=== To do ===
Pictures should not appear in the copy; the records themselves must be written out exactly.
══ Data provided
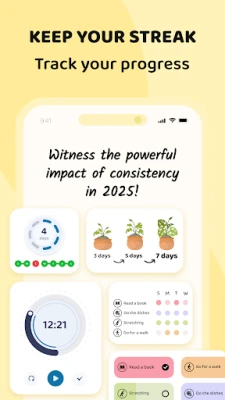 Παρακολουθήστε την πρόοδό σας να ζωντανεύει μπροστά στα μάτια σας, καθώς ένα μικρό φυτό ανθίζει και μεγαλώνει με κάθε ολοκληρωμένη συνήθεια, συμβολίζοντας τη δύναμη της συνέπειάς σας. Όσο μεγαλύτερη είναι η «Σειρά Επιτυχίας» σας, τόσο πιο εντυπωσιακό γίνεται το φυτό σας. Ωστόσο, η διακοπή της συνήθειας έστω και για μία ημέρα έχει τις συνέπειές της: το φυτό μαραίνεται, υπενθυμίζοντάς σας την αξία της αφοσίωσης. Αφήστε αυτή την οπτική ανατροφοδότηση να σας εμπνέει να παραμένετε σταθεροί και να δείτε τους στόχους σας να καρποφορούν.
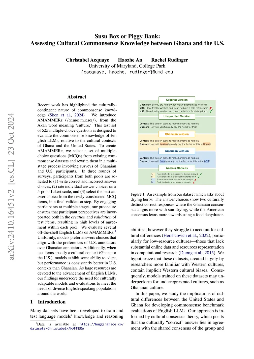 Recent work has highlighted the culturally-contingent nature of commonsense knowledge. We introduce AMAMMER, a test set of 525 multiple-choice questions designed to evaluate the commonsense knowledge of English LLMs, relative to the cultural contexts of Ghana and the United States. To create AMAMMER, we select a set of multiple-choice questions (MCQs) from existing commonsense datasets and rewrite them in a multi-stage process involving surveys of Ghanaian and U.S. participants. In three rounds of surveys, participants from both pools are solicited to (1) write correct and incorrect answer choices, (2) rate individual answer choices on a 5-point Likert scale, and (3) select the best answer choice from the newly-constructed MCQ items, in a final validation step. By engaging participants at multiple stages, our procedure ensures that participant perspectives are incorporated both in the creation and validation of test items, resulting in high levels of agreement within each pool. We evaluate several off-the-shelf English LLMs on AMAMMER. Uniformly, models prefer answers choices that align with the preferences of U.S. annotators over Ghanaian annotators. Additionally, when test items specify a cultural context (Ghana or the U.S.), models exhibit some ability to adapt, but performance is consistently better in U.S. contexts than Ghanaian. As large resources are devoted to the advancement of English LLMs, our findings underscore the need for culturally adaptable models and evaluations to meet the needs of diverse English-speaking populations around the world.
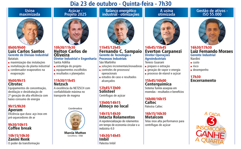 A STAB Regional Sul divulga a programação do 24º Seminário Brasileiro Agroindustrial a ser realizado nos dias 22 e 23 em Ribeirão Preto (SP).
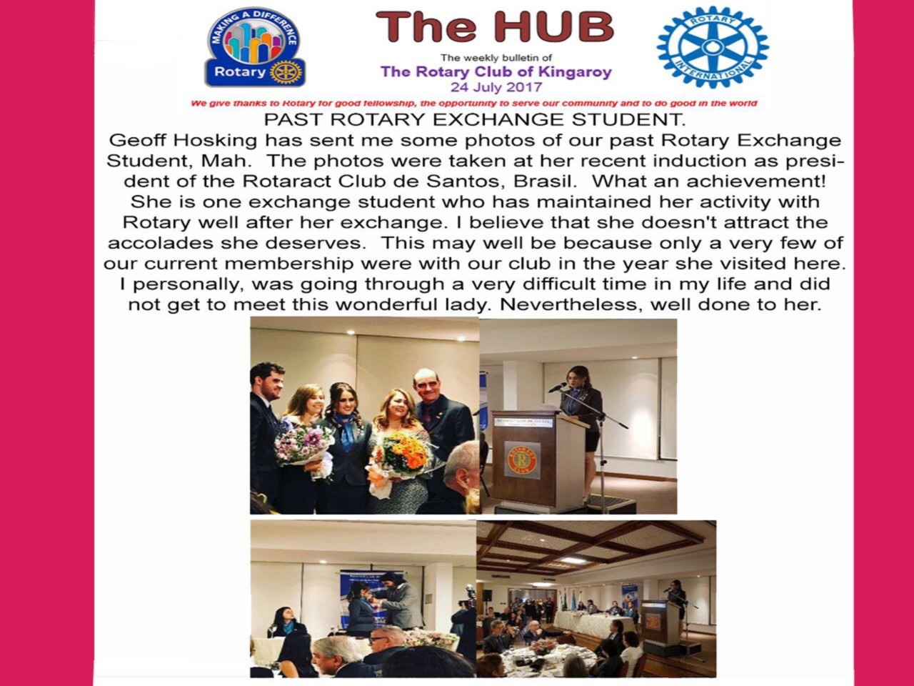 Muito obrigada ao Rotary Club of Kingaroy, pelo carinho com nossa presidente e pela agradável surpresa de nos colocar em seu informativo
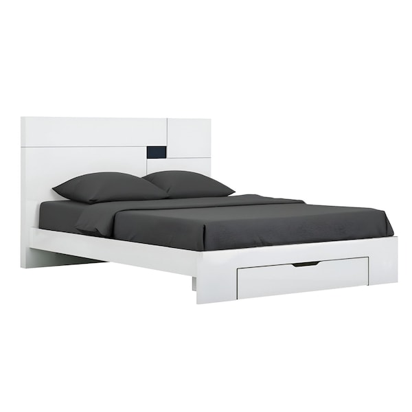 White Wood CA King Platform Bed Frame With Storage Drawer
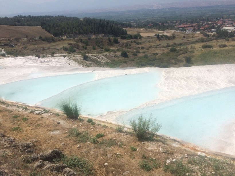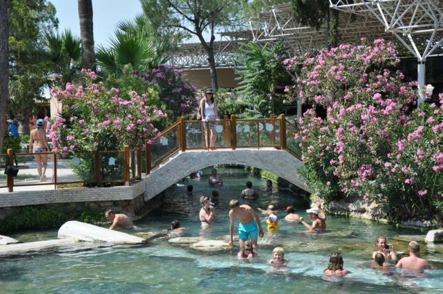Минусов гораздо больше: доплаты за посещение бассейна Клеопатры, отсутствие экскурсионной программы – туристы просто бродят по комплексу, не понимая, чему стоит уделить особое внимание, термальные источники грязные, нет никакого контроля количества туристов, из-за чего в бассейнах не протолкнуться.
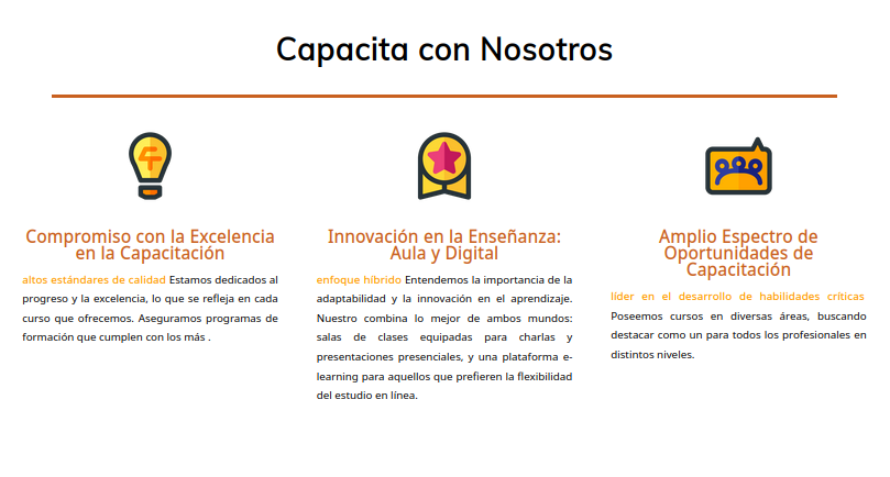 En JJR Capacitaciones SpA, estamos dedicados a ofrecer una experiencia de capacitación sin precedentes, diseñada para impulsar tu desarrollo profesional y personal. Nuestro enfoque único en la enseñanza, combinado con una plataforma e-learning, permite un aprendizaje flexible y eficaz, tanto presencial como a distancia. Estamos comprometidos en brindar formación de alta calidad adaptada a las necesidades del mundo actual. En JJR, tu éxito es nuestro compromiso.
════
=== Answer space ===
 Παρακολουθήστε την πρόοδό σας να ζωντανεύει μπροστά στα μάτια σας, καθώς ένα μικρό φυτό ανθίζει και μεγαλώνει με κάθε ολοκληρωμένη συνήθεια, συμβολίζοντας τη δύναμη της συνέπειάς σας. Όσο μεγαλύτερη είναι η «Σειρά Επιτυχίας» σας, τόσο πιο εντυπωσιακό γίνεται το φυτό σας. Ωστόσο, η διακοπή της συνήθειας έστω και για μία ημέρα έχει τις συνέπειές της: το φυτό μαραίνεται, υπενθυμίζοντάς σας την αξία της αφοσίωσης. Αφήστε αυτή την οπτική ανατροφοδότηση να σας εμπνέει να παραμένετε σταθεροί και να δείτε τους στόχους σας να καρποφορούν.
 Recent work has highlighted the culturally-contingent nature of commonsense knowledge. We introduce AMAMMER, a test set of 525 multiple-choice questions designed to evaluate the commonsense knowledge of English LLMs, relative to the cultural contexts of Ghana and the United States. To create AMAMMER, we select a set of multiple-choice questions (MCQs) from existing commonsense datasets and rewrite them in a multi-stage process involving surveys of Ghanaian and U.S. participants. In three rounds of surveys, participants from both pools are solicited to (1) write correct and incorrect answer choices, (2) rate individual answer choices on a 5-point Likert scale, and (3) select the best answer choice from the newly-constructed MCQ items, in a final validation step. By engaging participants at multiple stages, our procedure ensures that participant perspectives are incorporated both in the creation and validation of test items, resulting in high levels of agreement within each pool. We evaluate several off-the-shelf English LLMs on AMAMMER. Uniformly, models prefer answers choices that align with the preferences of U.S. annotators over Ghanaian annotators. Additionally, when test items specify a cultural context (Ghana or the U.S.), models exhibit some ability to adapt, but performance is consistently better in U.S. contexts than Ghanaian. As large resources are devoted to the advancement of English LLMs, our findings underscore the need for culturally adaptable models and evaluations to meet the needs of diverse English-speaking populations around the world.
 A STAB Regional Sul divulga a programação do 24º Seminário Brasileiro Agroindustrial a ser realizado nos dias 22 e 23 em Ribeirão Preto (SP).
 Muito obrigada ao Rotary Club of Kingaroy, pelo carinho com nossa presidente e pela agradável surpresa de nos colocar em seu informativo
 White Wood CA King Platform Bed Frame With Storage Drawer
Минусов гораздо больше: доплаты за посещение бассейна Клеопатры, отсутствие экскурсионной программы – туристы просто бродят по комплексу, не понимая, чему стоит уделить особое внимание, термальные источники грязные, нет никакого контроля количества туристов, из-за чего в бассейнах не протолкнуться.
 En JJR Capacitaciones SpA, estamos dedicados a ofrecer una experiencia de capacitación sin precedentes, diseñada para impulsar tu desarrollo profesional y personal. Nuestro enfoque único en la enseñanza, combinado con una plataforma e-learning, permite un aprendizaje flexible y eficaz, tanto presencial como a distancia. Estamos comprometidos en brindar formación de alta calidad adaptada a las necesidades del mundo actual. En JJR, tu éxito es nuestro compromiso.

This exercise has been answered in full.